Peter Olayinka (à droite), du Nigeria et du Slavia Prague, en action contre le défenseur du FC Barcelone Gerard Pique Copyright de l’image Getty Images
Image caption Peter Olayinka (à droite), du Nigeria et du Slavia Prague, en action contre le défenseur du FC Barcelone Gerard Pique

La dernière étape de l'odyssée footballistique de l'international nigérian Peter Olayinka l'amènera au Westfalenstadion du Borussia Dortmund pour le Slavia Prague en Ligue des champions de l'UEFA.

Le jeune homme de 24 ans a déjà marqué pour le champion de la République tchèque lors de son premier match nul 1:1 contre l'Inter Milan en septembre dernier.
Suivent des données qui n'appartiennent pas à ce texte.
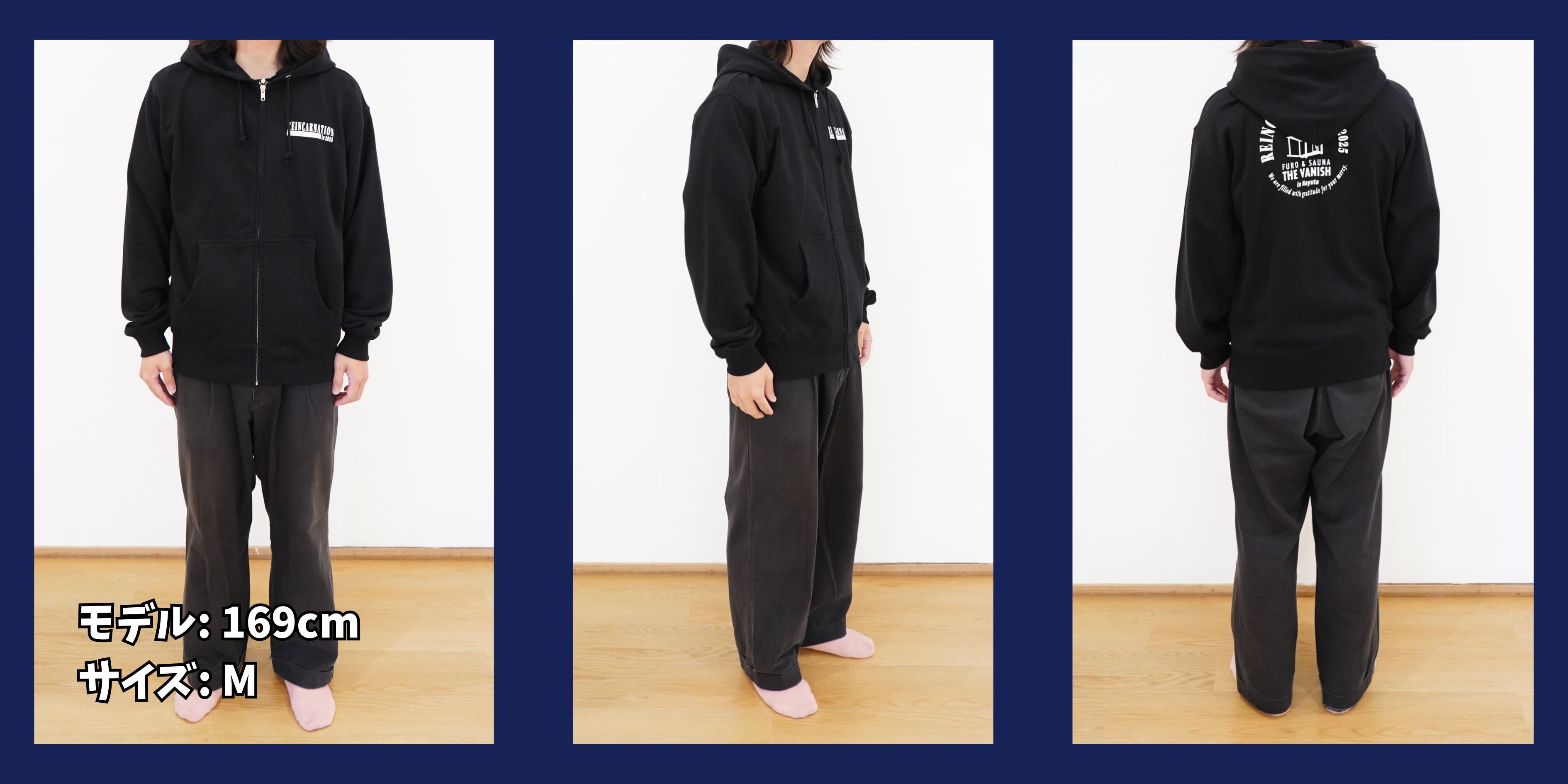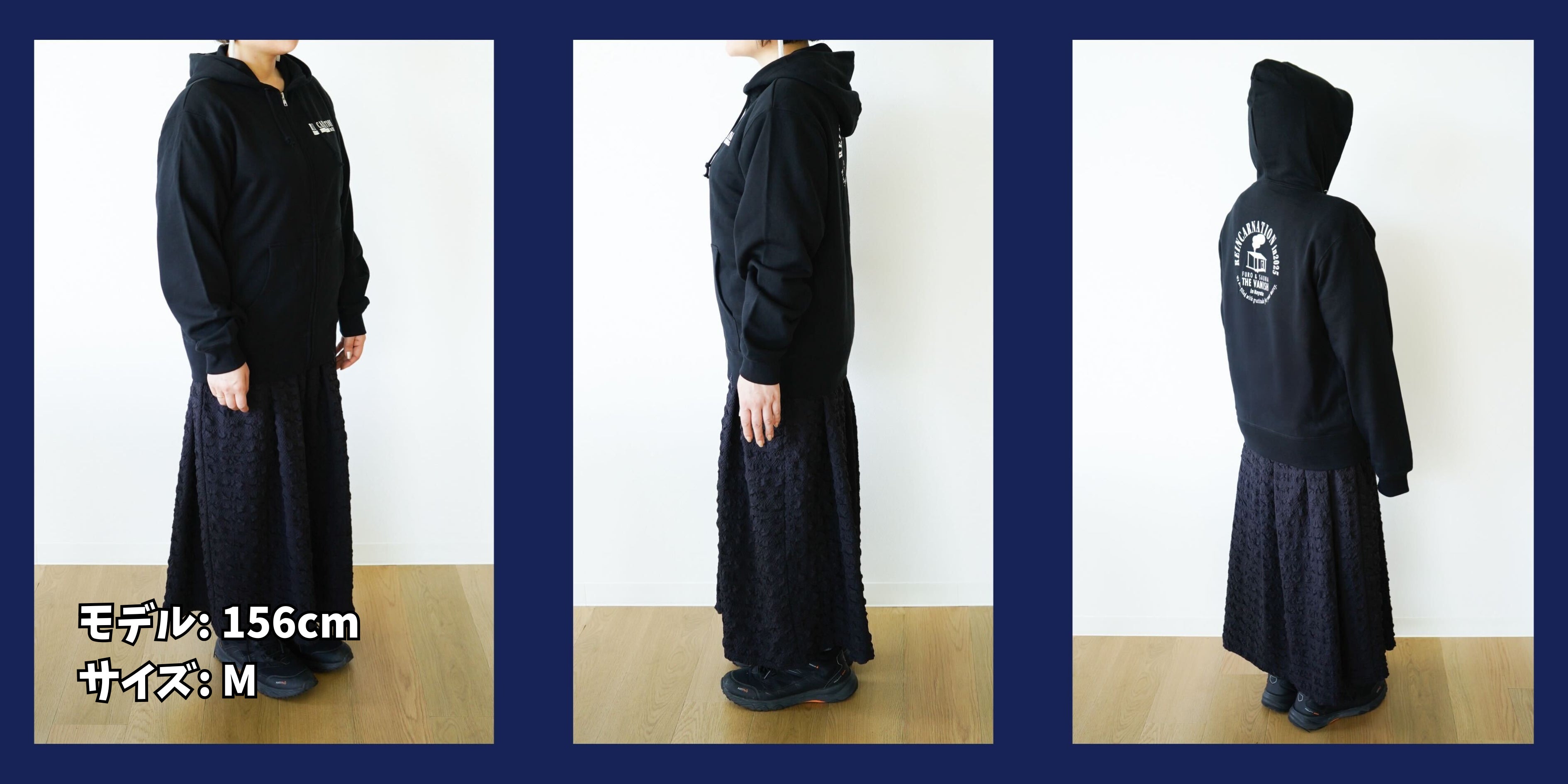 ジップアップパーカーは、背面の印刷を写真のサンプルよりも下部に配置し直し、文字の位置を調整してお届けいたします(フードで見えにくかったため)。
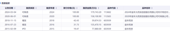 债权融资方面,2020年,益丰药业发行可转债获得15.8亿元融资。其中,12.6亿元用于新建连锁药店。今年3月,再次发行可转债获得了17.97亿元融资,公司拟用其中的12.85亿元用于新建连锁药店项目。
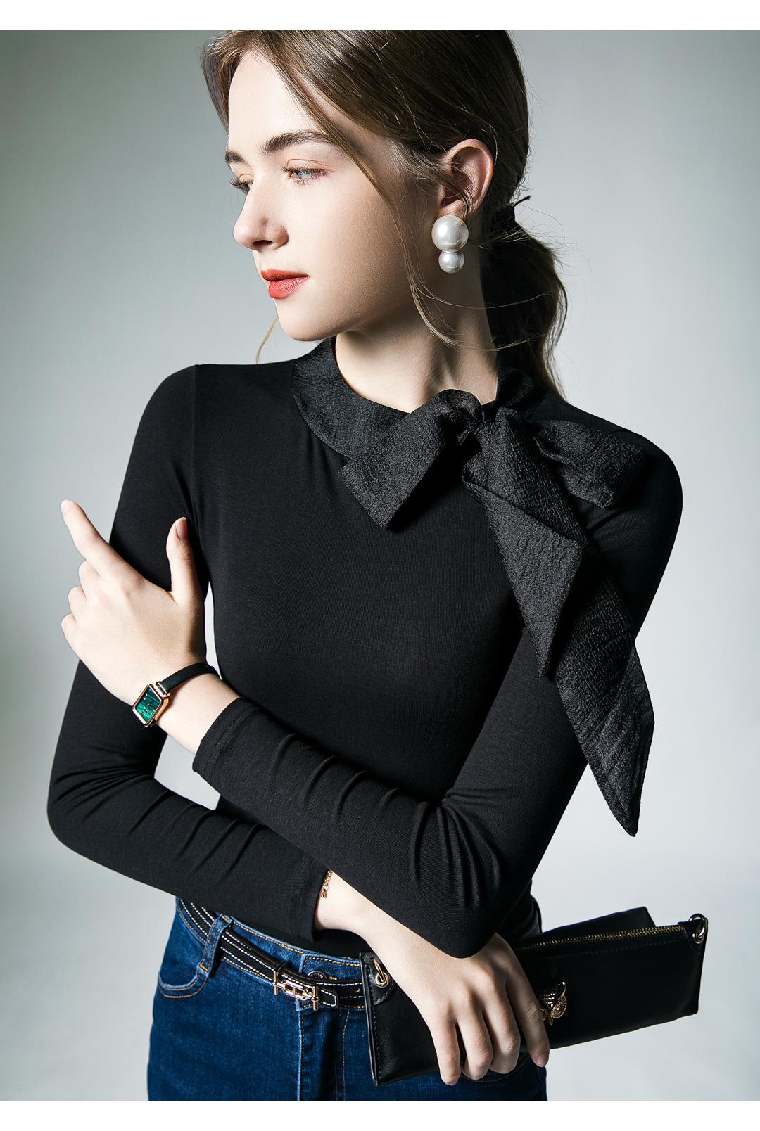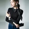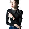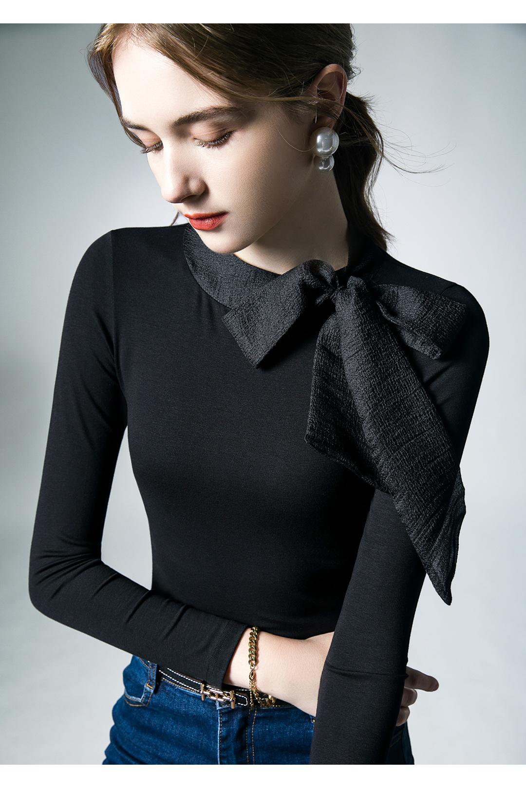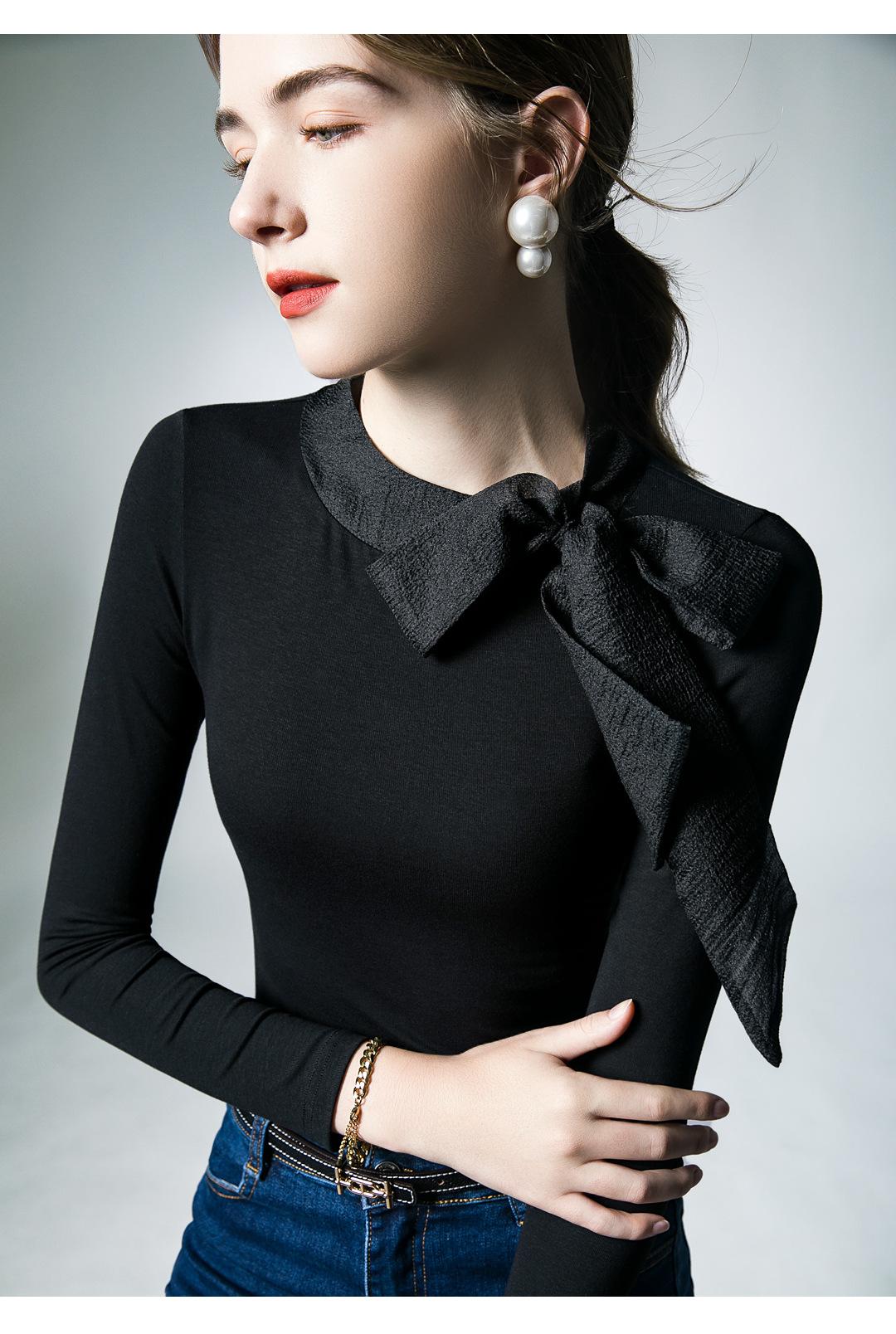 Camiseta con cordones de estilo francés de otoño, nueva camiseta de estilo occidental de color liso con un solo pecho, ideal para combinar con todo.
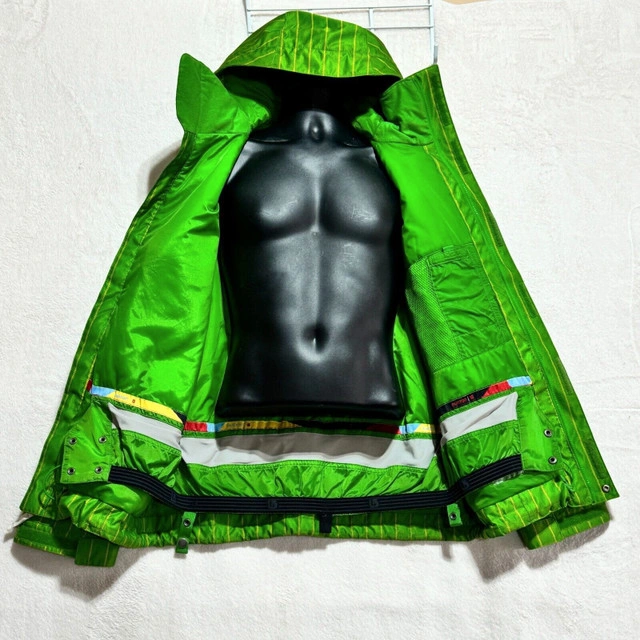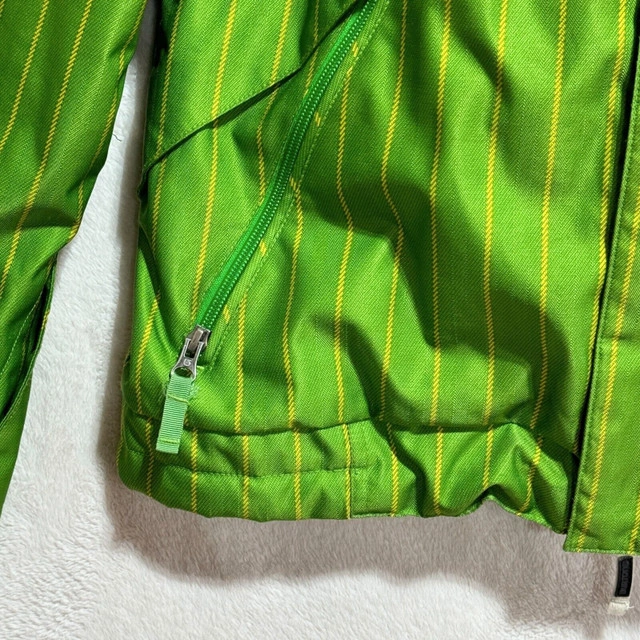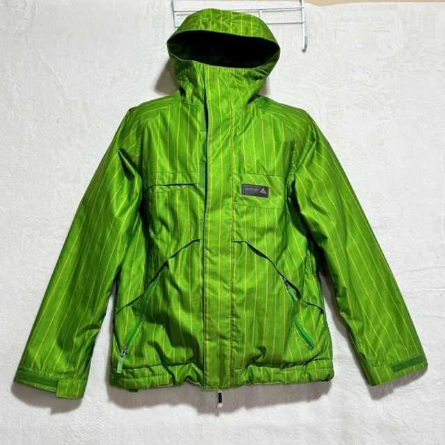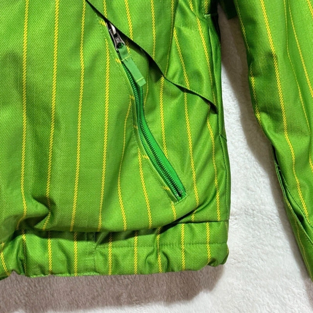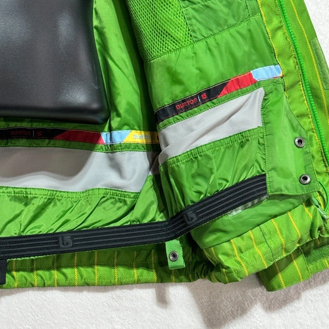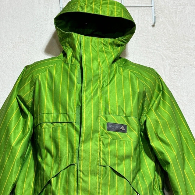 In good pre-owned condition, washed & cleaned. Please see photos for the measurements as well as the condition of any flaws or stains if any, with normal wear from use. Colors may not be accurate on the photos that are zoomed in, the camera may have adjusted due to lighting. You’ll receive all what's in the photo. Stay warm and stylish on the slopes with this Burton DryRide Hooded Jacket. Crafted from waterproof polyester material, this green striped ski jacket features insulated lining for added warmth. The full zip closure, stand-up collar, and hood provide extra protection against the elements, while the zipped pockets offer secure storage for your essentials. Perfect for skiing or hiking in the winter, fall, or spring seasons, this jacket from Burton's DryRide collection combines function and fashion effortlessly. Let me know if you're interested!
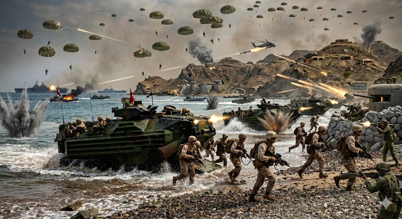 NSD proposed a plan in January 2024 that would have achieved the core military objective — degrading Iran’s maritime threat capability — without triggering the Hormuz closure, the energy crisis, the global economic disruption, or the twenty-seven-day war that has killed over three thousand Iranians including two hundred and fourteen children and thirteen Americans. What happened instead was the geopolitical equivalent of using a sledgehammer to kill a wasp and being surprised when the house caught fire. The next escalation — the simultaneous island assault — is a better-designed hammer. It will hit the nail. But the house is still on fire, and no one appears to be asking whether seizing the islands puts the fire out or spreads it to the neighbors.
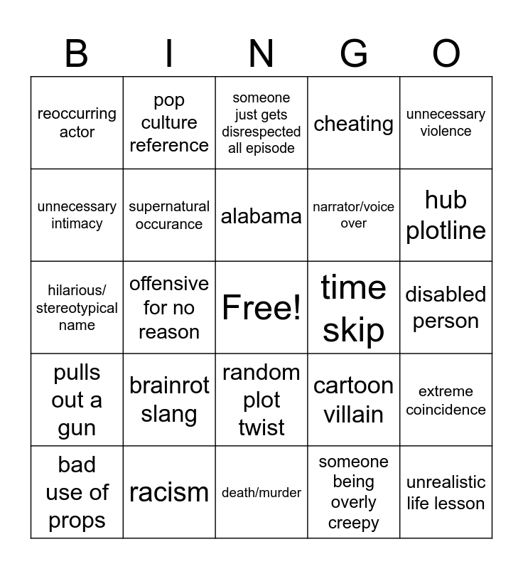 This bingo card has a free space and 24 words: brainrot slang, racism, alabama, bad use of props, unnecessary violence, reoccurring actor, unnecessary intimacy, pop culture reference, time skip, random plot twist, narrator/voice over, hilarious/ stereotypical name, cartoon villain, extreme coincidence, supernatural occurance, someone being overly creepy, disabled person, someone just gets disrespected all episode, hub plotline, offensive for no reason, unrealistic life lesson, pulls out a gun, cheating and death/murder.
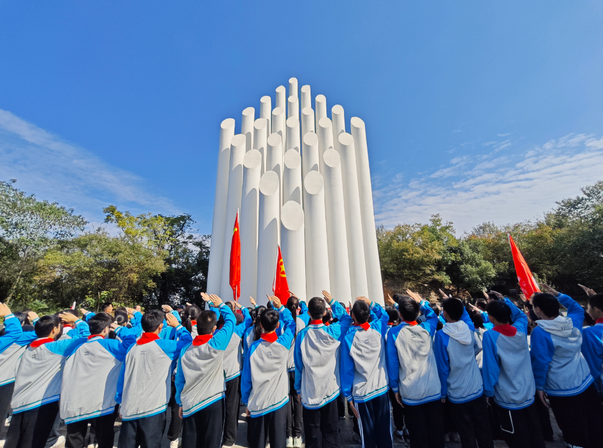 10時(shí),緬懷先烈儀式在中山艦陣亡將士紀(jì)念碑前莊重舉行。全體人員肅立,高唱中華人民共和國(guó)國(guó)歌,歌聲結(jié)束后,現(xiàn)場(chǎng)靜立一分鐘默哀,深切追思25位為國(guó)捐軀的海軍將士。隨后,黨員代表與江夏四中代表共同上前,向紀(jì)念碑敬獻(xiàn)花籃并細(xì)致整理緞帶,表達(dá)對(duì)英烈的崇敬與追思之情。儀式最后,學(xué)生代表領(lǐng)誓,全體人員高舉右拳宣讀誓詞,“銘記歷史、緬懷先烈、復(fù)興路上、強(qiáng)國(guó)有我”的誓言鏗鏘有力,不僅是對(duì)革命先烈的莊嚴(yán)承諾,更彰顯了館校雙方以紅色教育培育時(shí)代新人的共同決心。

Le mois dernier, il avait représenté une menace permanente lors d'un nul 0:0, le Slavia Prague étant devenu la première équipe à empêcher Barcelone de marquer au Camp Nou depuis février 2018.

Le Slavia compte deux points et terminera quatrième du Groupe F, bien qu'il soit invaincu à l'extérieur et que le Nigérian ait hâte de laisser une autre marque sur le parcours.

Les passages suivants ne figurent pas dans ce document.